On February 11, the 23-year-old celebrated his victory with a silent prayer on his lips and an emotional long distance chat with his mother, Smriti Sinha, who works as the country manager of a pharmaceutical company in Kathmandu, Nepal. Suvam studies and works as a linguist in Adelaide, Australia.
Suvam fought an embittered battle to get all his primary identity cards, which he is entitled to as an Indian citizen, printed with only his mother’s name as the legal guardian. The PAN card was the last government document he was waiting for after facing multiple rejections.
Though the Income Tax department changed its rules in 2018 to allow taxpayers with single parents to provide their mother’s name instead of mandatorily providing their father’s name as well as the choice between mother’s or father’s name appearing on the card, the e-application till last month didn’t accept the same. When Suvam applied online on February 2, it asked for his father’s name yet again, before the system was updated following the intervention of the National Commission for Protection of Child Rights (NCPCR).
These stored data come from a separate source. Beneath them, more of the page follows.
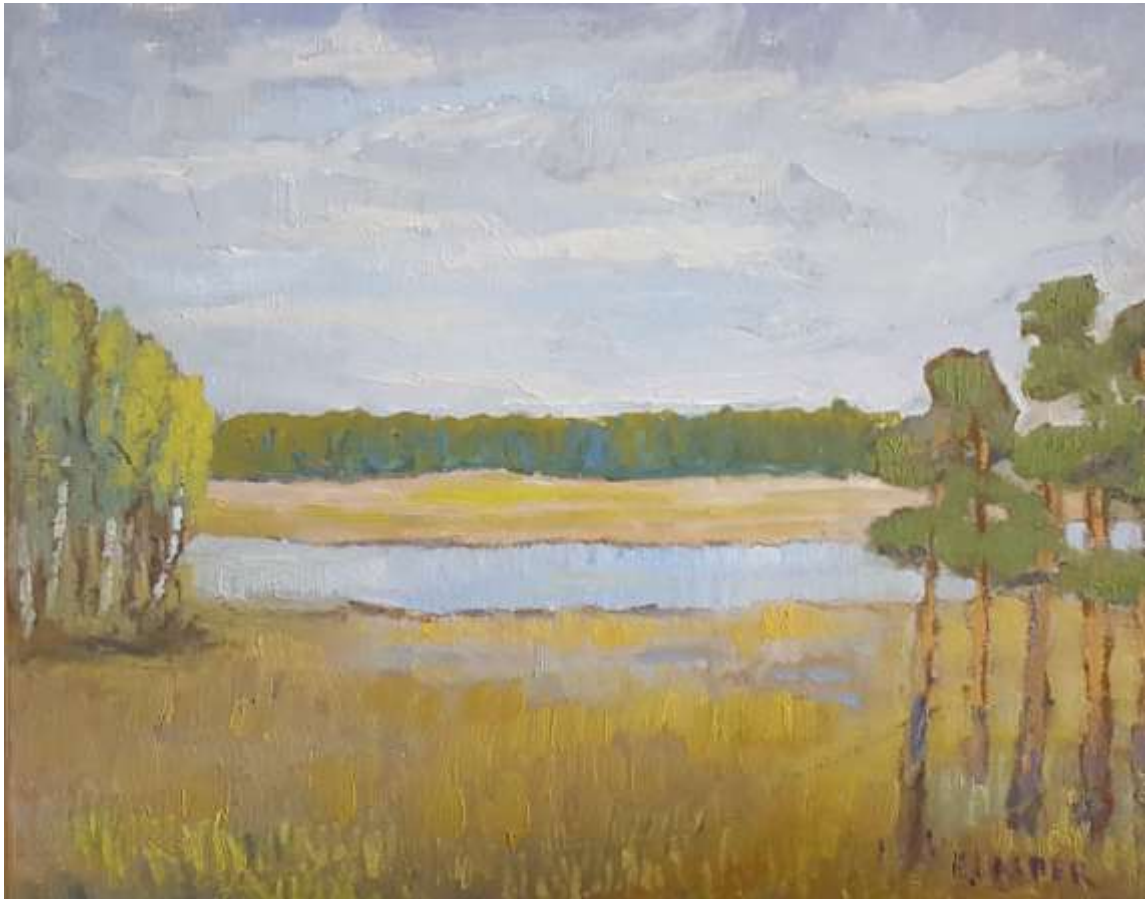
Erik Lisper, Motiv från Ekebyäng Olja, 33 x 41 cm.

Kan möjligen vara Mossviken vid Ekebyäng.
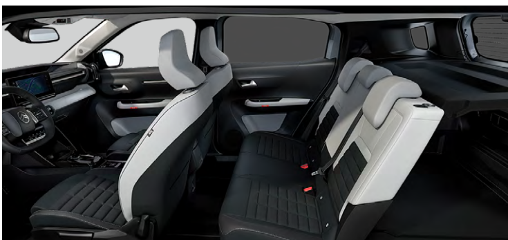
Sedadlá Citroën Advanced Comfort Palubná doska a panely dverí s dekórom Siderite
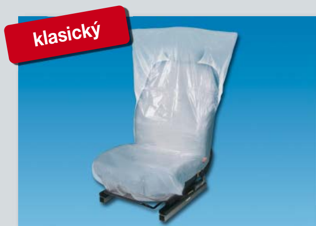
Potah na sedadlo „Classic“ (obj. č. D-E 35)
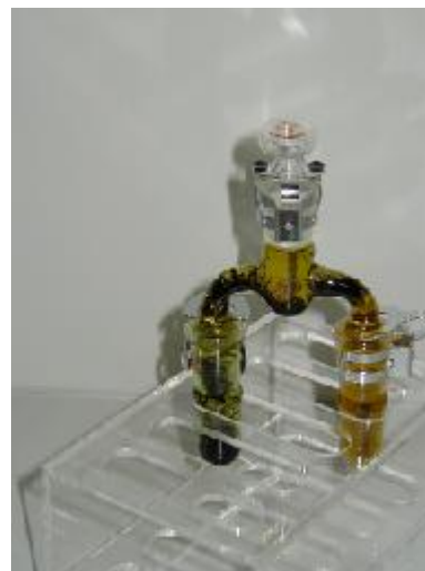
拡散法による結晶成長
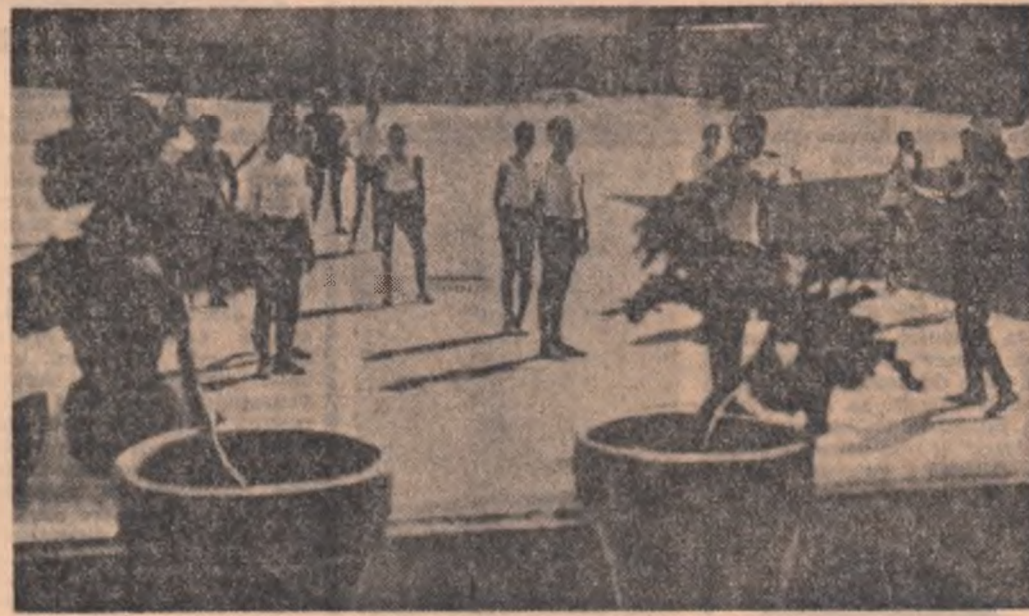
Ord de educație fizică la Școala generală de 8 ani nr. 122 din Capitală

Un vast cîmp de activitate creatoare se deschide și în fața cercetării academice prin programul unitar al cercetării. Sărbătorind centenarul Academiei, toți cei care lucrează în cercetare la acest nivel înalt — alături de oamenii de știință și de cercetători din întreaga țară — își sporesc hotărîrea de a răspunde cu cinstite sarcinilor trasate de partid, să continue cu noi și noi realizări luminoase tradițiile românești academice.

Suvam’s struggle over the years was fraught with frustration — ever since he wished to exercise his right as a child to decide which parent’s name he wanted in his documents.
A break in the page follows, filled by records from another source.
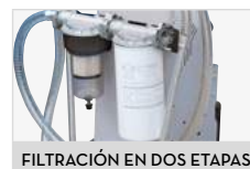
FILTRACIÓN EN DOS ETAPAS
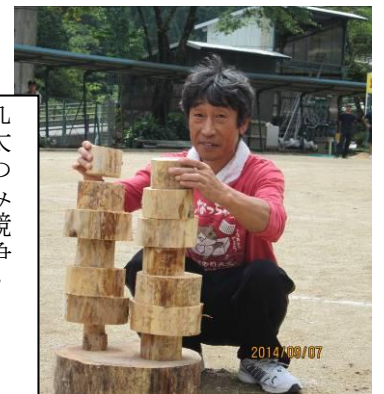
丸太積み競争・ 目線をいただきました
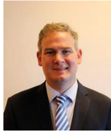
Seán Kyne Fine Gael
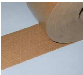
Papel Engomado Tejido
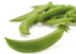
Sweet pea 甜 tim4 豆 dau6 (another name 又稱： 蜜 mat6 糖 tong4 豆 dau6)
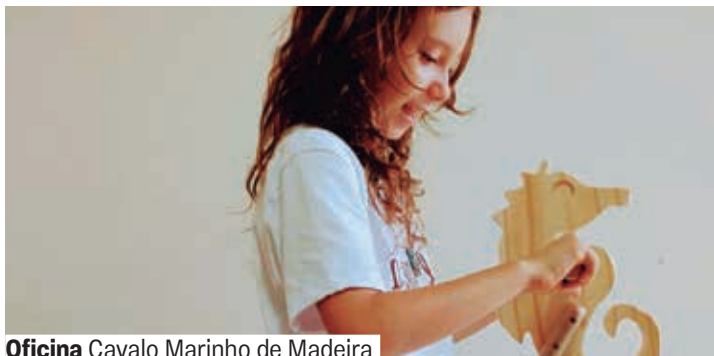
Oficina Cavalo Marinho de Madeira
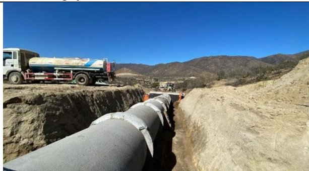
Fotografía N°2, Rellenos estructurales OA N° 21. Variante Ruta E315
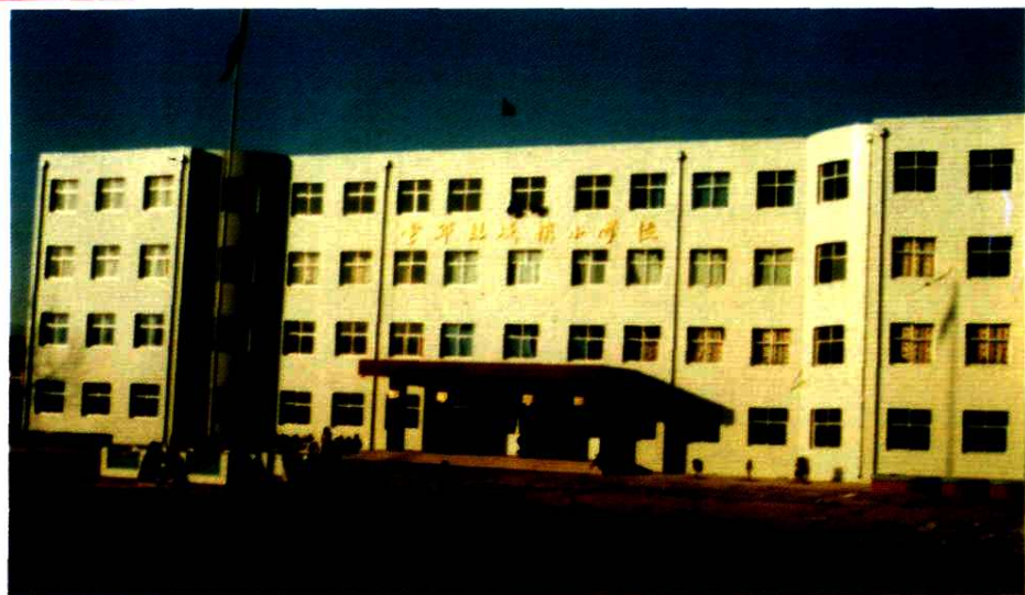
▷ 县城镇小学教学楼
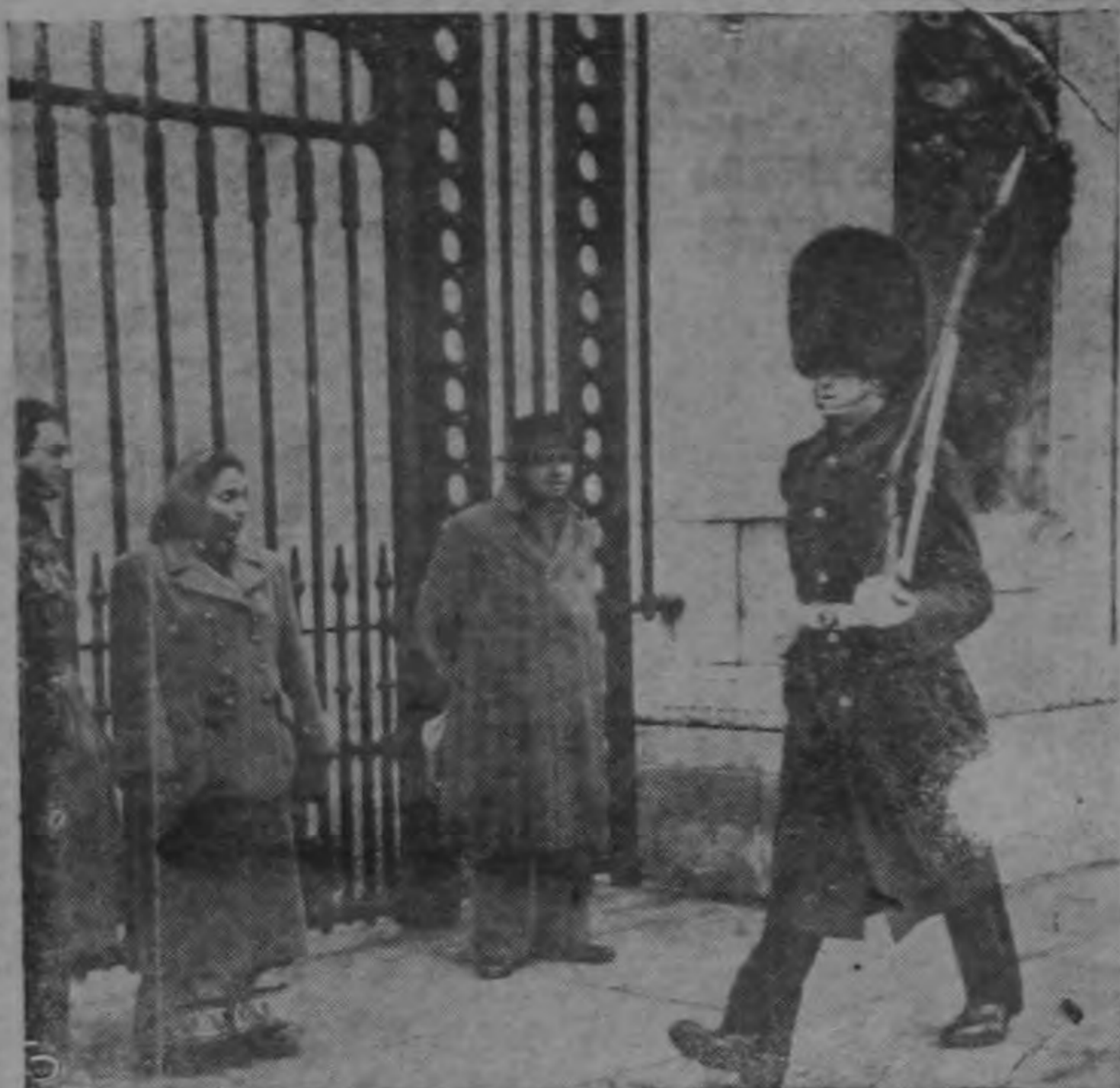
Un granadero del Segundo Batallón monta guardia frente a las puertas del Palacio de Buckingham, en Londres. Esa es la primera vez desde 1939 — una ausencia record que el batallón ha montado guardia en ese lugar tradicional. Con solo una breve interrupción los granaderos han estado en ultramar desde 1939.
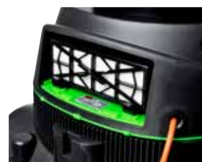
Filtro HEPA de série.
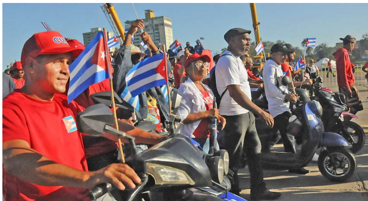
Las iniciativas no faltaron: los triciclos y motorinas estuvieron presentes.

“Why should father’s name be the only measure of identity. My father was never present in my life, I have never had any relationship with him,” he said.
After completion of High School in Kolkata, when Suvam approached his school principal for the School Leaving Certificate (SLC) without his father’s name, little did he realise the battle was going to be a long drawn one. His father is from Nepal and mother from Bhagalpur, Bihar, and his parents separated when he was two years old.